### Input

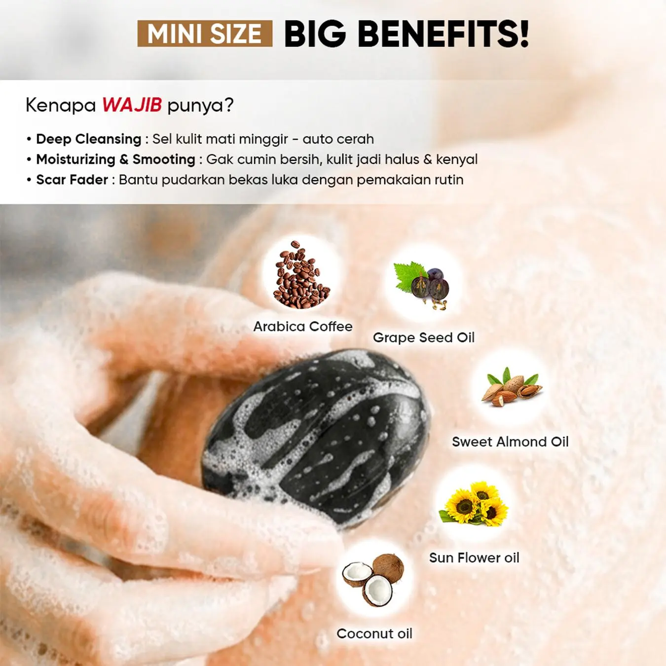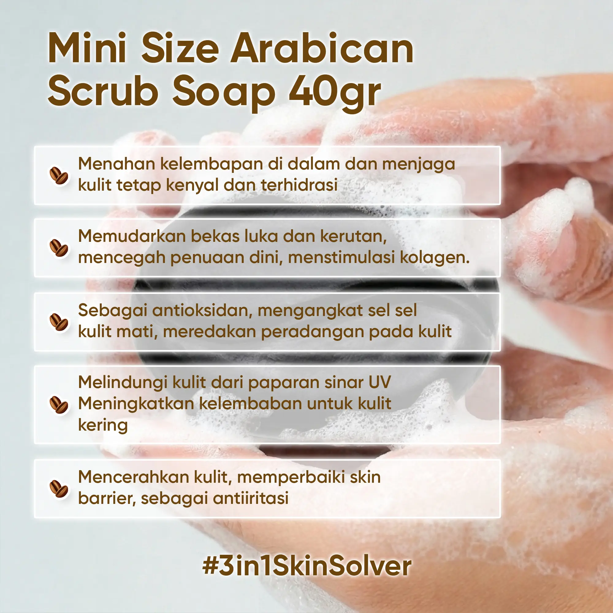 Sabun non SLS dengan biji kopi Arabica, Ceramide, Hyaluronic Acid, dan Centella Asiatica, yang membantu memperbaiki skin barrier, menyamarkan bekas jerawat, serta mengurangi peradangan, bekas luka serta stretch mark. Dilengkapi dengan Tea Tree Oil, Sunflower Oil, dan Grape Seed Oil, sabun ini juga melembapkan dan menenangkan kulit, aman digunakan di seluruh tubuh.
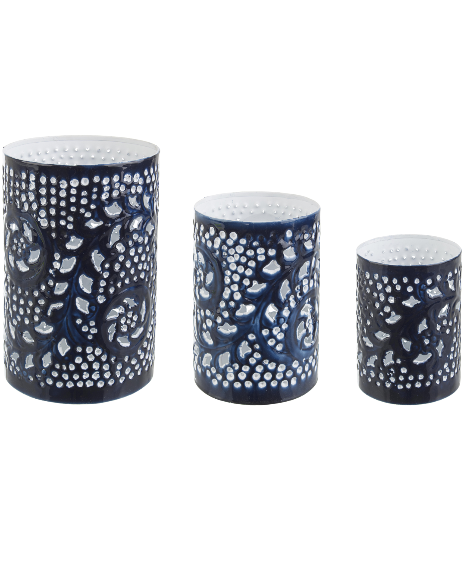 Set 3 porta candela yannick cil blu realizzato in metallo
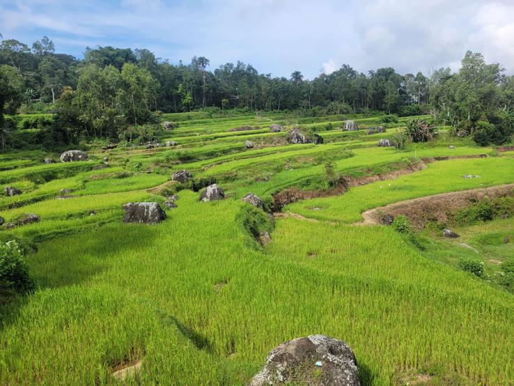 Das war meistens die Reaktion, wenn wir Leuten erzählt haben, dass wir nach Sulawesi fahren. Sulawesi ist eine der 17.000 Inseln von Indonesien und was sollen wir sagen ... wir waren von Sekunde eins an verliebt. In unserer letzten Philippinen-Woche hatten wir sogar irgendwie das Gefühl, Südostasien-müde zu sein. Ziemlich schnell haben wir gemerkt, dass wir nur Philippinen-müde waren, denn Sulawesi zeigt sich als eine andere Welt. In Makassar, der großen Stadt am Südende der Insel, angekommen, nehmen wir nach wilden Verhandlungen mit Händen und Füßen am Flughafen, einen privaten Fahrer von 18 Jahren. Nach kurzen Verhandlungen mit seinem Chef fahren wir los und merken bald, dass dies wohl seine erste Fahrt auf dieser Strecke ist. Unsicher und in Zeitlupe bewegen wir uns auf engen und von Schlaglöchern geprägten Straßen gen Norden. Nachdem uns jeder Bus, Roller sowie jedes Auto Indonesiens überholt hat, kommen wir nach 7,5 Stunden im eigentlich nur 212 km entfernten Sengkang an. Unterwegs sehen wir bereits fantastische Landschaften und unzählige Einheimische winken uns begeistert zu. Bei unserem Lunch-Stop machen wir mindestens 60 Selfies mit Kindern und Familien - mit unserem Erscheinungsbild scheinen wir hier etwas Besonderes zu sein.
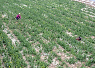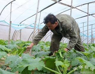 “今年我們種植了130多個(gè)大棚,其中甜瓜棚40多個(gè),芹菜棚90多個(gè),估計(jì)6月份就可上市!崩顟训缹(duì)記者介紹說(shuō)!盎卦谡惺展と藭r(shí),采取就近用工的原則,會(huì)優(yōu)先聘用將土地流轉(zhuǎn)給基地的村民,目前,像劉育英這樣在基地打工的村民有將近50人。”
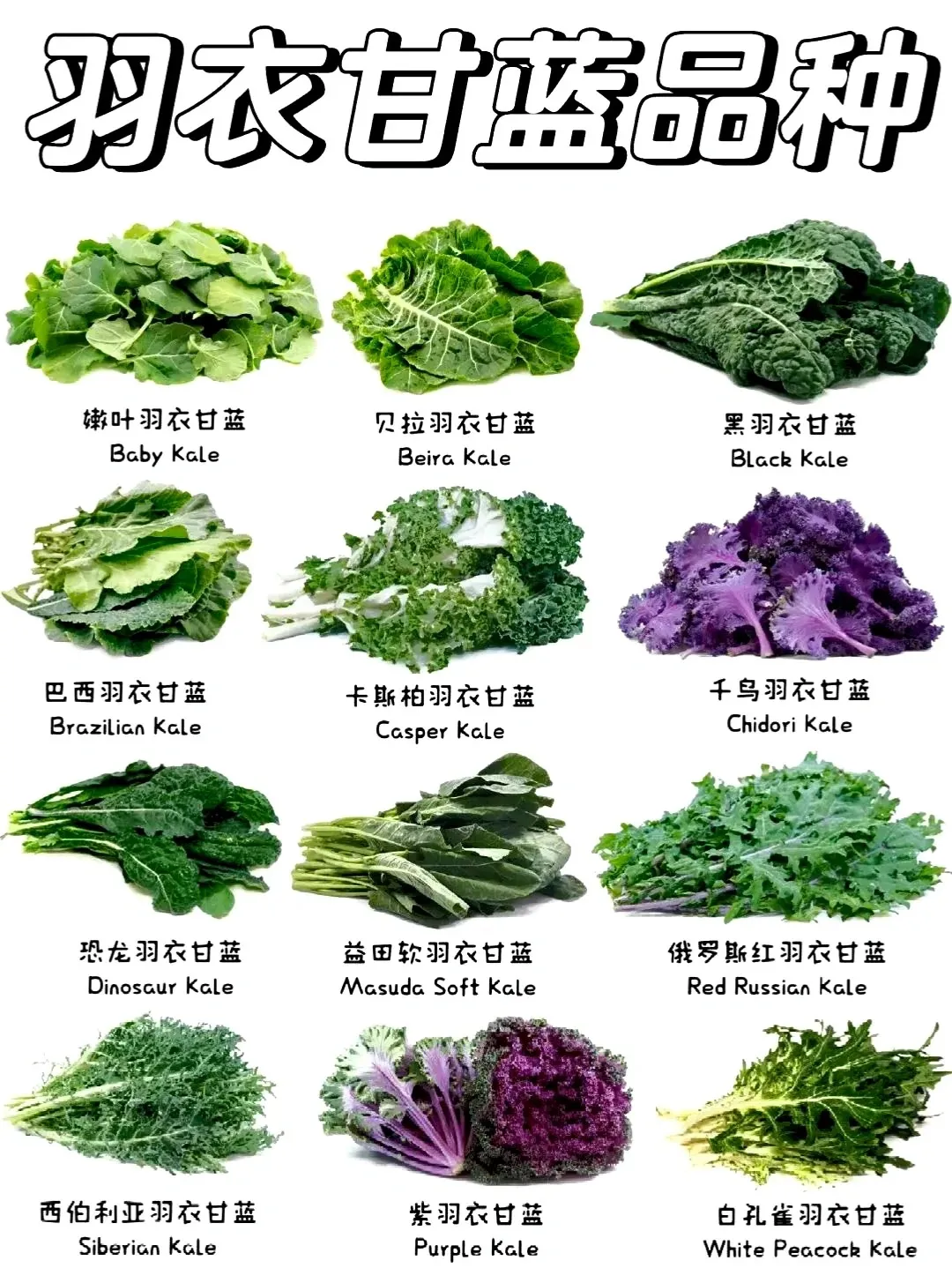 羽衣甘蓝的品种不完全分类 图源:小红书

### What the exercise asks
A word-for-word copy of the material is required; pictures stay out of it.

### Response
 Sabun non SLS dengan biji kopi Arabica, Ceramide, Hyaluronic Acid, dan Centella Asiatica, yang membantu memperbaiki skin barrier, menyamarkan bekas jerawat, serta mengurangi peradangan, bekas luka serta stretch mark. Dilengkapi dengan Tea Tree Oil, Sunflower Oil, dan Grape Seed Oil, sabun ini juga melembapkan dan menenangkan kulit, aman digunakan di seluruh tubuh.
 Set 3 porta candela yannick cil blu realizzato in metallo
 Das war meistens die Reaktion, wenn wir Leuten erzählt haben, dass wir nach Sulawesi fahren. Sulawesi ist eine der 17.000 Inseln von Indonesien und was sollen wir sagen ... wir waren von Sekunde eins an verliebt. In unserer letzten Philippinen-Woche hatten wir sogar irgendwie das Gefühl, Südostasien-müde zu sein. Ziemlich schnell haben wir gemerkt, dass wir nur Philippinen-müde waren, denn Sulawesi zeigt sich als eine andere Welt. In Makassar, der großen Stadt am Südende der Insel, angekommen, nehmen wir nach wilden Verhandlungen mit Händen und Füßen am Flughafen, einen privaten Fahrer von 18 Jahren. Nach kurzen Verhandlungen mit seinem Chef fahren wir los und merken bald, dass dies wohl seine erste Fahrt auf dieser Strecke ist. Unsicher und in Zeitlupe bewegen wir uns auf engen und von Schlaglöchern geprägten Straßen gen Norden. Nachdem uns jeder Bus, Roller sowie jedes Auto Indonesiens überholt hat, kommen wir nach 7,5 Stunden im eigentlich nur 212 km entfernten Sengkang an. Unterwegs sehen wir bereits fantastische Landschaften und unzählige Einheimische winken uns begeistert zu. Bei unserem Lunch-Stop machen wir mindestens 60 Selfies mit Kindern und Familien - mit unserem Erscheinungsbild scheinen wir hier etwas Besonderes zu sein.
 “今年我們種植了130多個(gè)大棚,其中甜瓜棚40多個(gè),芹菜棚90多個(gè),估計(jì)6月份就可上市!崩顟训缹(duì)記者介紹說(shuō)!盎卦谡惺展と藭r(shí),采取就近用工的原則,會(huì)優(yōu)先聘用將土地流轉(zhuǎn)給基地的村民,目前,像劉育英這樣在基地打工的村民有將近50人。”
 羽衣甘蓝的品种不完全分类 图源:小红书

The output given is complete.